Using the move keyword before the parameters, the closure will take ownership of the used variables.

A struct can be made to hold the closure and it's result value. This allows to call it multiple times but only execute it once. When taking a closure as an input parameter, the closure's complete type must be annotated using one of a few traits. In order of decreasing restriction, they are:

  • Fn: the closure captures by reference (&T)
  • FnMut: the closure captures by mutable reference (&mut T)
  • FnOnce: the closure captures by value (T)

See the description of structs and traits later in this book. See the Caching using Struct as an example of how this is used.

Diverging functions

Functions which will never return are called diverging functions. They are marked using !, which is an empty type.

fn foo() -> ! {
    panic!("This call never returns.");
}

Macros

Macros are used for meta programming where the macro is expanded with its code implementation before compiling. With Macros you write Rust code which produce other Rust code.

Declarative Macros

This is the most used form. They compare the given value to patterns and then run the associated code to generate rust code out of it.

As an example the Vector macro is used as:

let v: Vec<u32> = vec![1, 2, 3];

And the implemention looks like:

#[macro_export]
macro_rules! vec {
    ( $( $x:expr ),* ) => {
        {
            let mut temp_vec = Vec::new();
            $(
                temp_vec.push($x);
            )*
            temp_vec
        }
    };
}

Valid pattern syntax in macro definitions is different than the pattern syntax because macro patterns are matched against Rust code structure rather than values.

The generated code will be:

{
    let mut temp_vec = Vec::new();
    temp_vec.push(1);
    temp_vec.push(2);
    temp_vec.push(3);
    temp_vec
}

Procedural Macros

Procedural macros accept some code as an input, operate on that code, and produce some code as an output rather than matching against patterns. The three kinds of procedural macros (custom derive, attribute-like, and function-like) all work in a similar fashion.

use proc_macro;

#[some_attribute]
pub fn some_name(input: TokenStream) -> TokenStream {
}

The function that defines a procedural macro takes a TokenStream as an input and produces a TokenStream as an output. It represents a sequence of tokens which can be changed into an output TokenStream.

Comments

As in most C-like languages you can have line and block comments:

// this is a line comment which goes to the end of this line
/* this is a block comment ending on the first closing characters */

Additionally there are document comments to add text to the API documentation.

/// Generate library docs for the following item.
//! Generate library docs for the enclosing item.

Documentation Comments

Documentation comments use three slashes, ///, instead of two and support Markdown notation for formatting the text. They have to be placed just before the item they’re documenting.

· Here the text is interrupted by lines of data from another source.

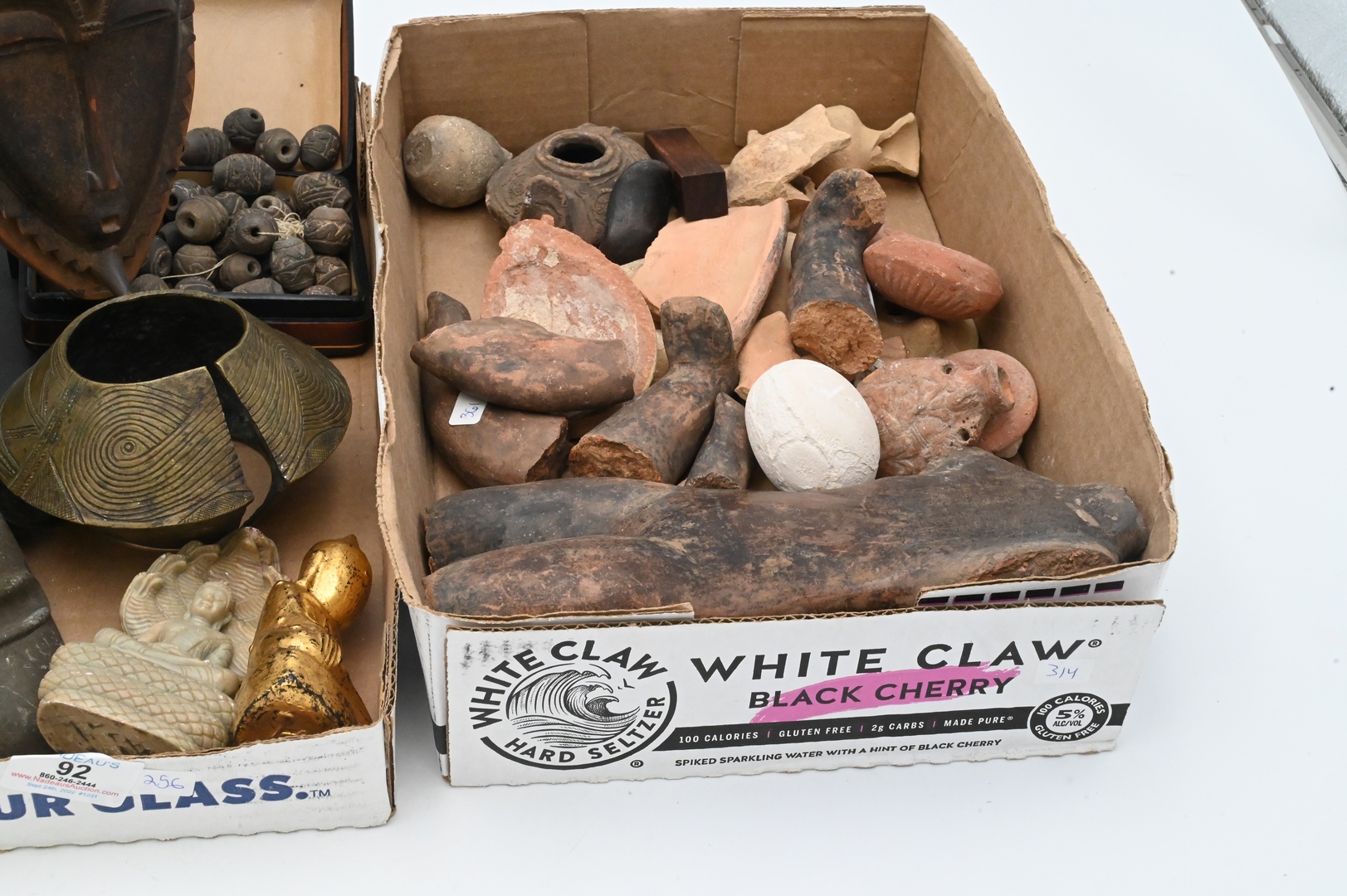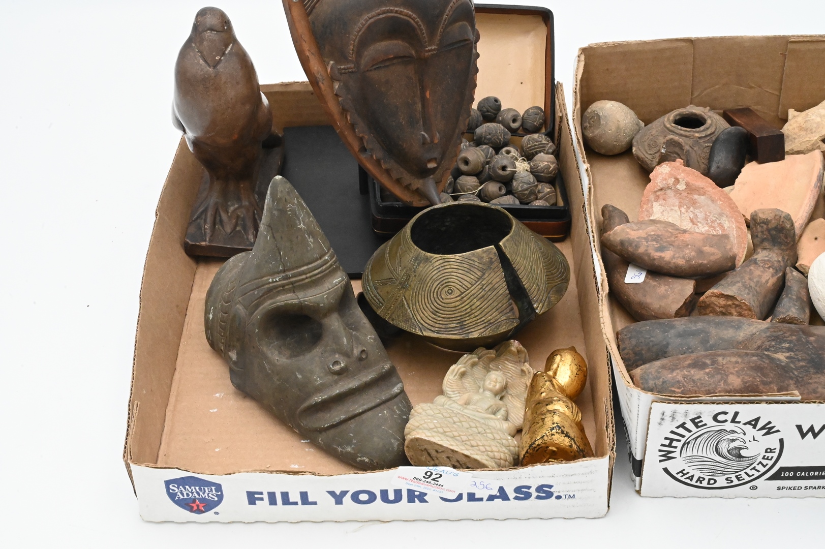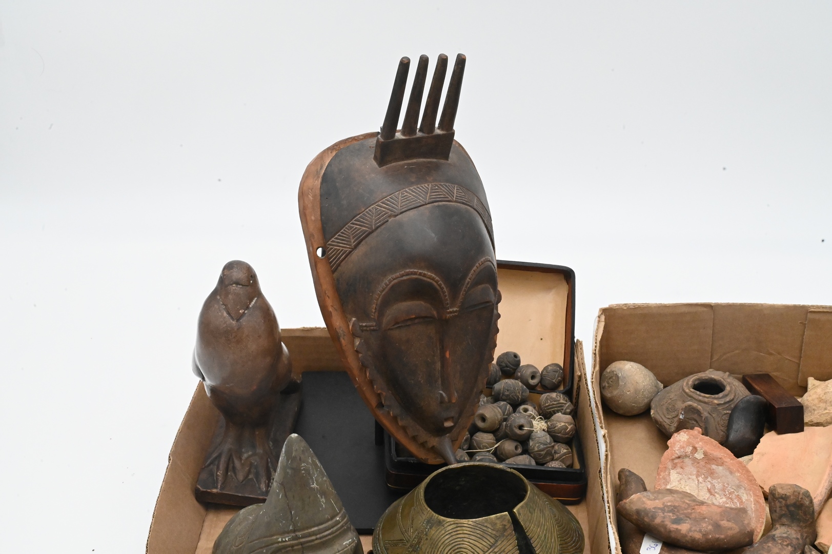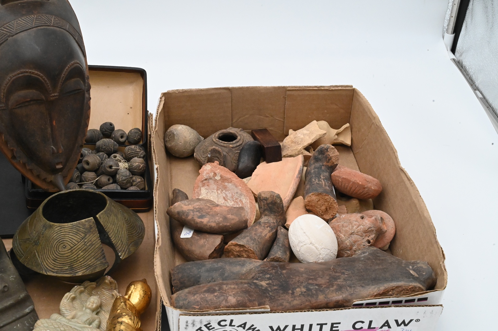 Early Pottery and Artifacts Group, to include oil lamps, small urn, fragments of early pottery, mask, Pre-Columbian beads, bronze cuff, etc.
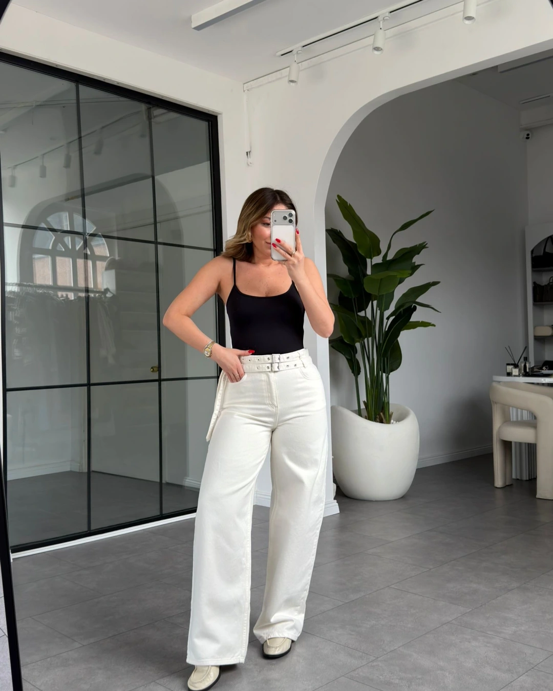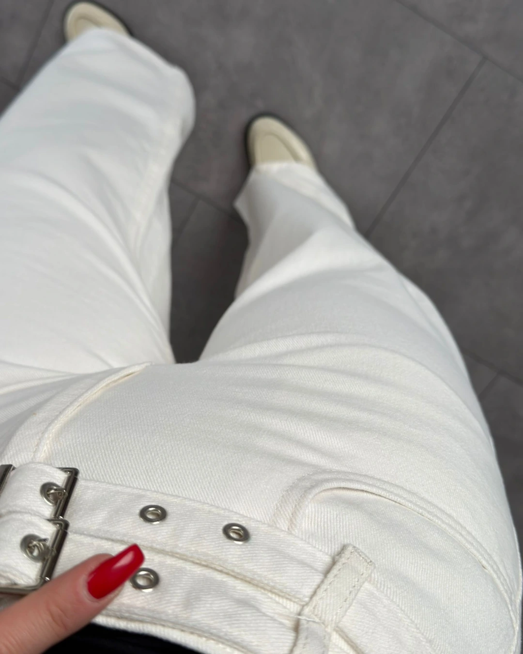BEYAZ BAGGY ÇİFT KEMER DETAYLI JEAN 8263
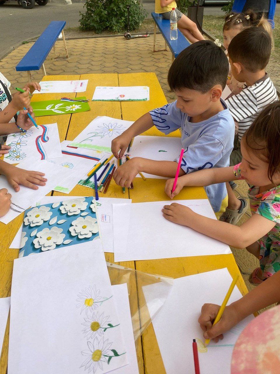 Вожатые молодежного центра «Трамплин» учили ребят постарше делать ромашки, а малыши выводили цветочные лепестки на бумаге и асфальте. Не обходится без настольных и вожатских игр: ребята играют в уно, шахматы, шашки, лягушку, игры-угадайки, горячо-холодно. Дети прыгают на скакалках, создают своими руками открытки.
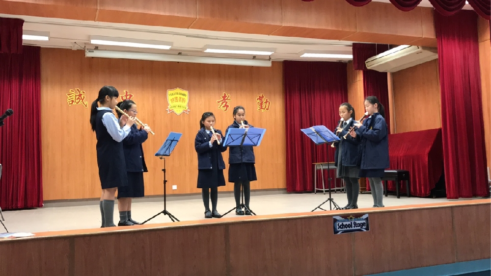 牧童笛是一種易學習的樂器,學生能同時學習運氣及聆聽其他聲部,對訓練聆聽非常有效果。因此,三至六年級同學會於音樂課進行校本牧童笛課程,務求每個同學至少懂得演奏一種樂器。另一方面,吹奏表現良好的同學更會被老師推薦加入本校木笛隊,透過恆常課後訓練發展音樂專長。
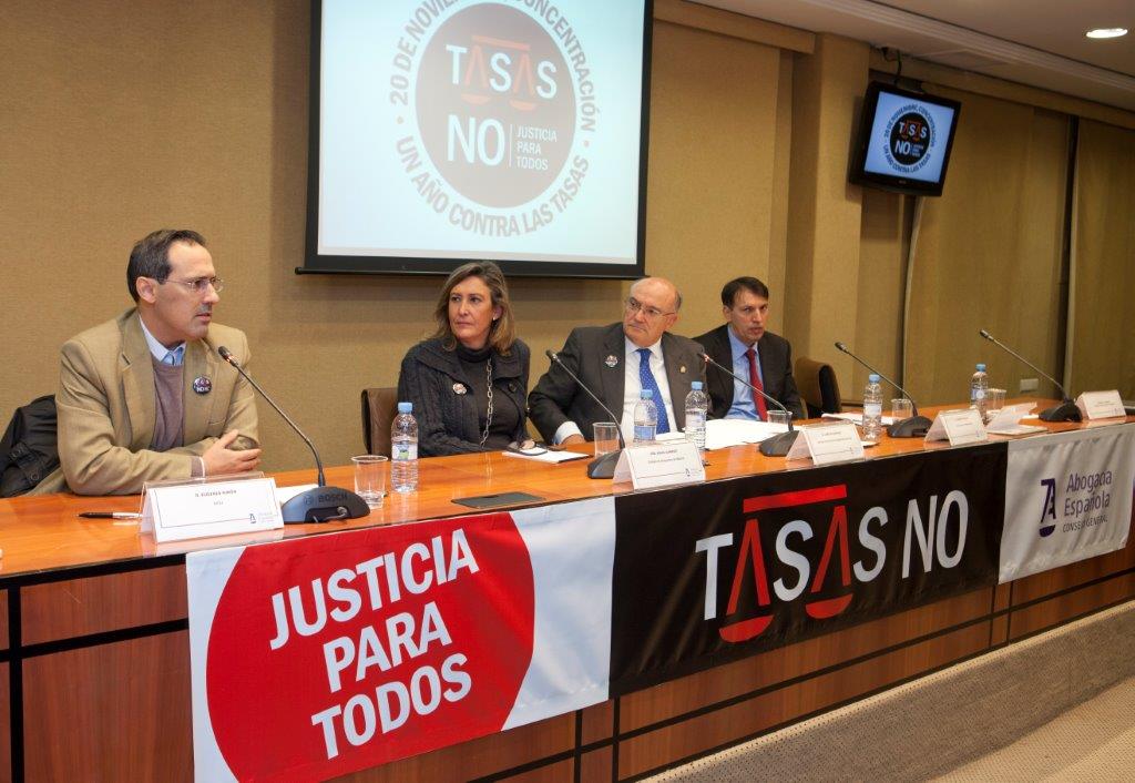 «El acceso a la justicia es el pilar de los demás derechos. Sin justicia no somos ciudadanos, sino súbditos y vasallos, por eso la lucha contra las tasas es la lucha de la sociedad civil, no solo de los operadores jurídicos», concluyó Ribón, que puso como ejemplo de personas que no pueden reclamar sus derechos por las tasas a afectados por preferentes, afectados por claúsulas suelo o accidentados de tráfico.
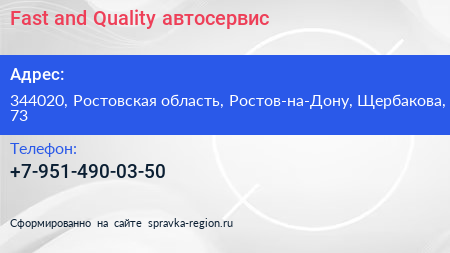 Fast and Quality, автосервис по адресу 344020, Ростовская область, Ростов-на-Дону, Щербакова, 73 в дальнейшем Организация, размещена в следующих категориях:
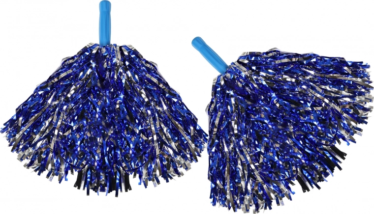 Pompony z kombinacją niebiesko‑srebrnych frędzli wyniosą każdy występ na wyższy poziom.
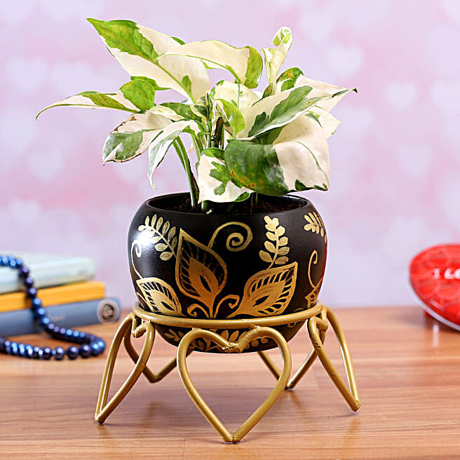 White Pothos Plant In Black & Gold Hand Printed Stylish Pot

The documentation should explain the element. But don't describe the concrete API because this is added automatically by Rust. Useful sections may be:

  • Examples - short code parts to explain typical use
  • Panics - scenarios in which the function could panic
  • Errors - the kinds of errors that might occur within the Result
  • Safety - for unsafe functions there should be an explanation why the function is unsafe and covering the invariants that the function expects callers to uphold

Running cargo test will run the code examples in your documentation as tests this will keep your examples always functional and up to date.

To document the file itself you can use the alternative marker //! which is used to document the element this comment is contained in.

Attention: Documentation in main.rs will not be exported. Only files which could be loaded as module can be documented, so put the main documentation in lib.rs.

Control Flow

if

An if expression allows you to branch your code depending on conditions. If the condition is met the following block is executed but if not the optional else block is executed. The result of the condition has to be a bool.

let number = 3;
if number < 5 {
    println!("a small number");
} else if number < 10 == 0 {
    println!("a little bigger number");
} else {
    println!("big number");
}

As shown multiple alternative conditions may be joined. But if you need multiple alternatives consider using match.

if is an expression so it can be used in a statement to set the returning value of the evaluated block to a variable. This means the values that have the potential to be results from each arm of the if must be the same type.

let condition = true;
let number = if condition {
    5
} else {
    6
};

loop

The loop keyword tells Rust to execute a block of code over and over again forever or until you explicitly tell it to stop using break. With continue the current loop iteration is stopped and the next iteration will follow.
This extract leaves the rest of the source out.